Step S21: ashing process: placing a non-product wafer having photoresist at surface thereof into the reaction chamber, treating the photoresist with plasma containing oxygen free radicals to dissociate the photoresist, and removing Si—OH bonds from the surface of the reaction chamber, dissociated products being attachable onto the surface of the reaction chamber.

In this step, the photoresist (namely a photosensitizer) on the non-product wafer can be chemically reacted with oxygen free radicals, and generate volatile byproducts such as CO₂ etc. These byproducts are attachable into apertures at the surface of the baffle part and the inner wall of the reaction chamber, to make the surface of the baffle part and the inner wall of the reaction chamber more smooth, thereby further preventing oxygen free radicals from attaching in the apertures of the baffle part and the inner wall of the reaction chamber, reducing loss of the oxygen free radicals, and enhancing reaction efficiency.

Specifically speaking, the surface of a baffle part is taken for example, FIG. 3A is a diagram schematically illustrating dissociated products of the photoresist being NOT attached onto apertures on the surface of a baffle part 100, and FIG. 3B is a diagram schematically illustrating dissociated products of the photoresist being attached onto apertures on the surface of the baffle part 100. Referring to FIG. 3A, if there is no attachment of dissociated products of the photoresist in the plasma passage of the baffle part 100, the surface of the baffle part 100 has apertures and is not smooth, when the plasma passes therethrough, oxygen free radicals will attach in these apertures, thereby leading to loss of the oxygen free radicals. Referring to FIG. 3B, after associated products 110 of the photoresist attach in the apertures at the surface of the baffle part 100, the apertures at the surface of the baffle part 100 are filled by the dissociated products of the photoresist, when the plasma passes therethrough, it will not attach in the apertures at the surface of the baffle part 100, thereby reducing loss of oxygen free radicals, and enhancing reaction efficiency.
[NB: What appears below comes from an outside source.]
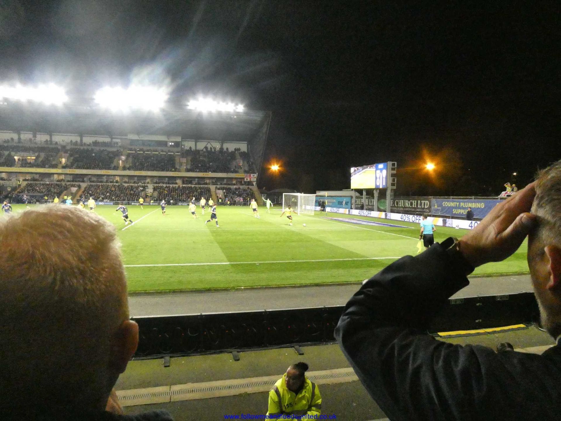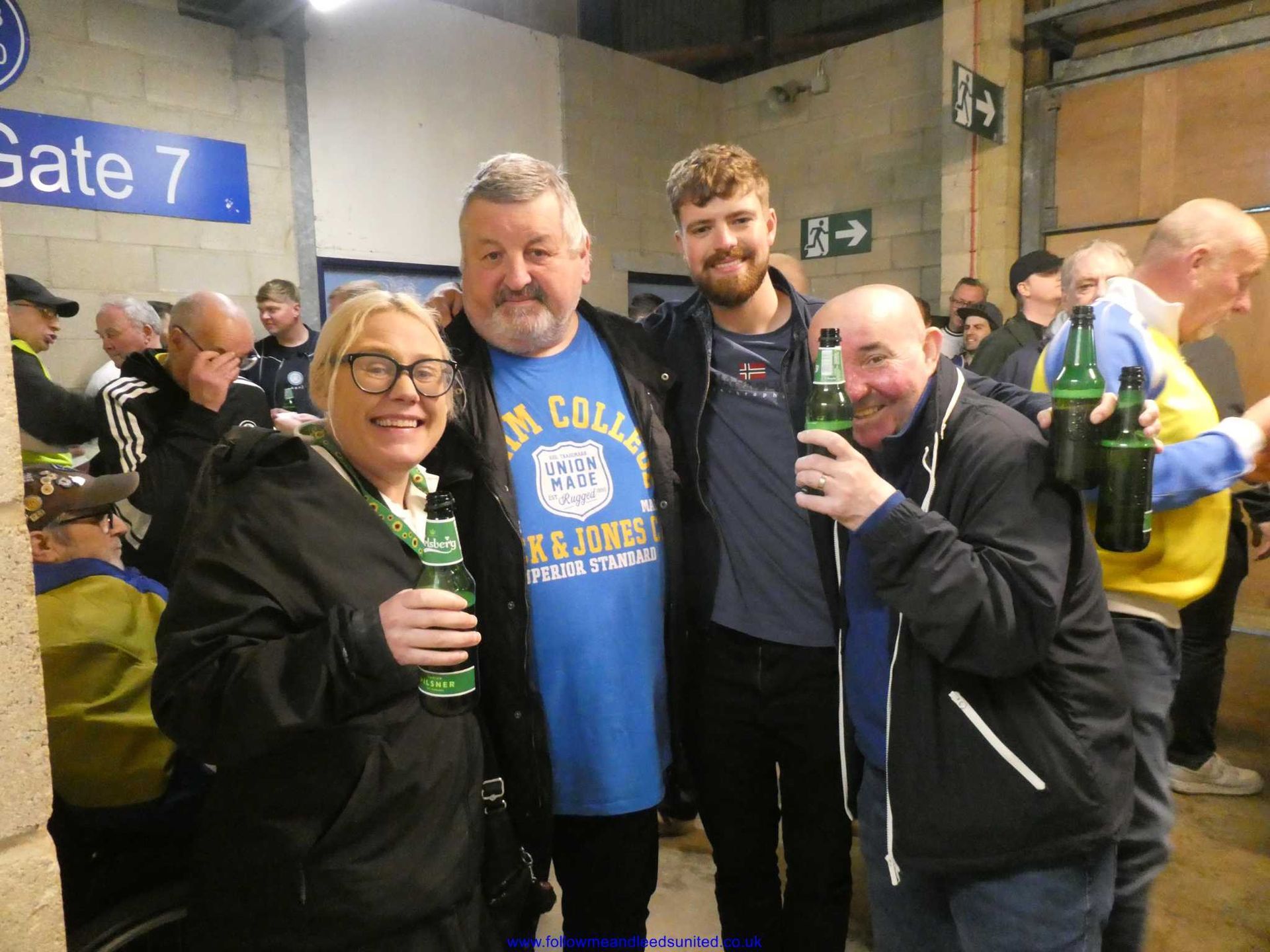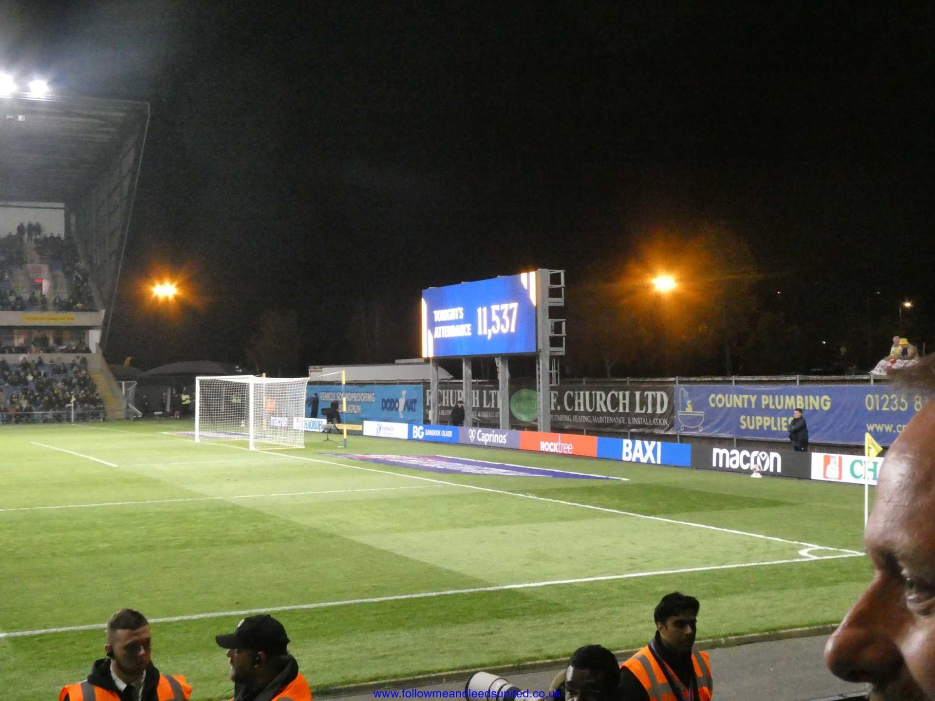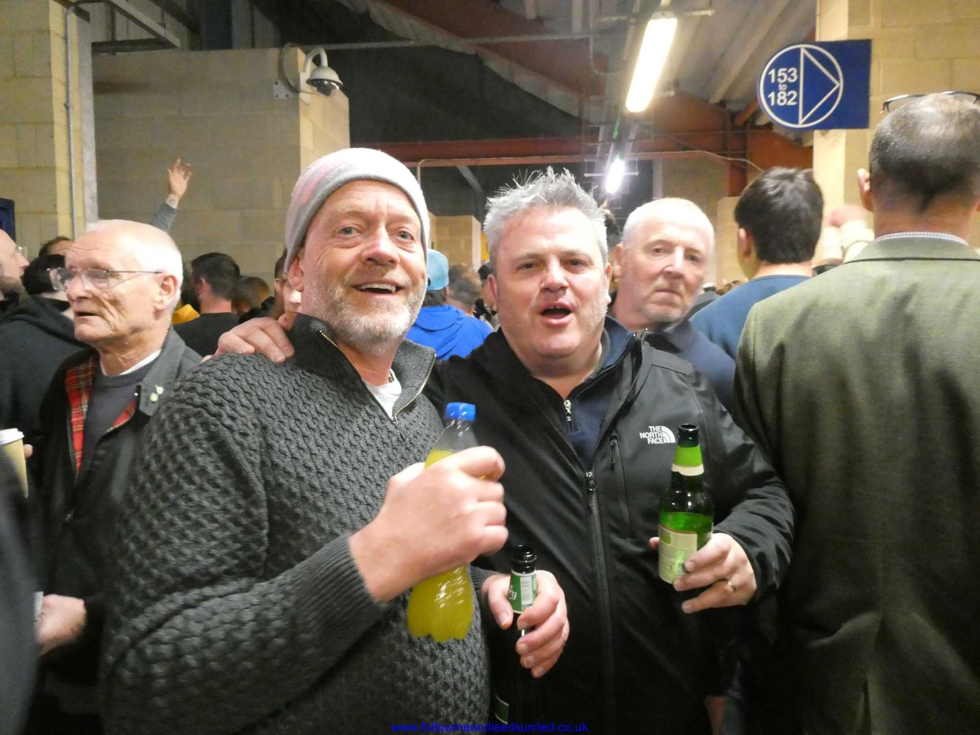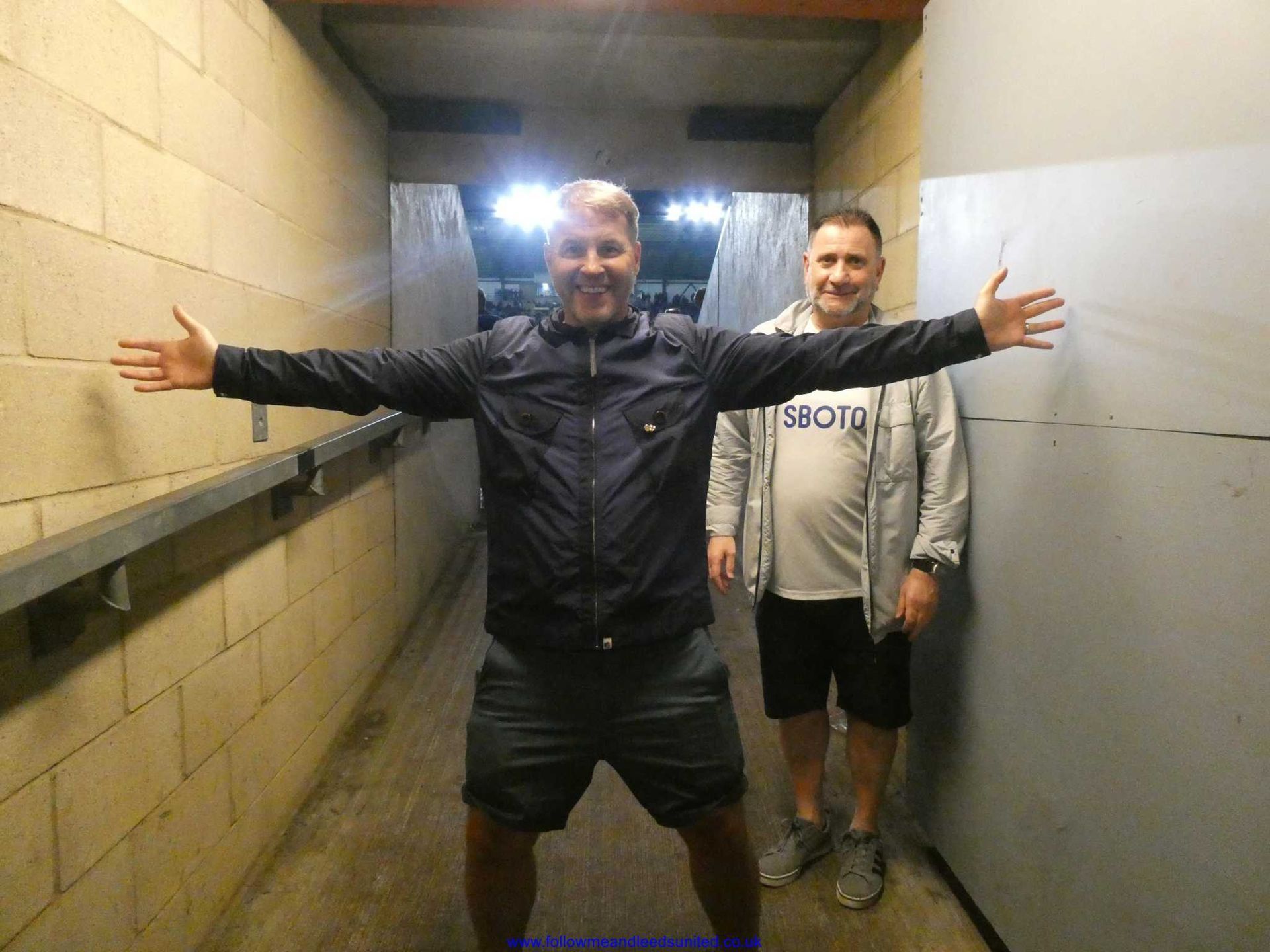 At our pub stop it was nice to talk to some Oxford fans who still wished us good luck despite wanting their team to win, as they’d be fighting for the points as they were near the relegation zone. The last time we’d come to this ground was for a pre-season friendly, but I couldn’t remember when but was reminded that it was for Bielsa’s first game. It’s still unique with only three stands in place but it gave some Leeds fans the chance to watch from the car park and others in the distant trees. This was another ground where we were treated well as far as I was concerned. The only issue was getting soaked before the game when I switched the tap on in the ladies sink only for a torrent of water to overflow everywhere. I wasn’t the only one to find that out the hard way.

In this step, introduction of plasma containing oxygen free radicals into the reaction chamber can remove Si—OH bonds from the inner wall of the reaction chamber. The plasma can remove Si—OH bonds from the inner wall of the reaction chamber, because oxygen free radicals in the plasma will bind with the Si—OH bonds to form silicon oxide attached to the surface of the reaction chamber and water molecules drifting away in the reaction chamber, thereby enabling removal of Si—OH bonds from the surface of the reaction chamber. The reaction formula is as follows:

SiOH+3/2O*→SiO₂+1/2H₂O

in which SiOH stands for the Si—OH bonds at the surface of the reaction chamber, and O* stands for the oxygen free radicals in the plasma.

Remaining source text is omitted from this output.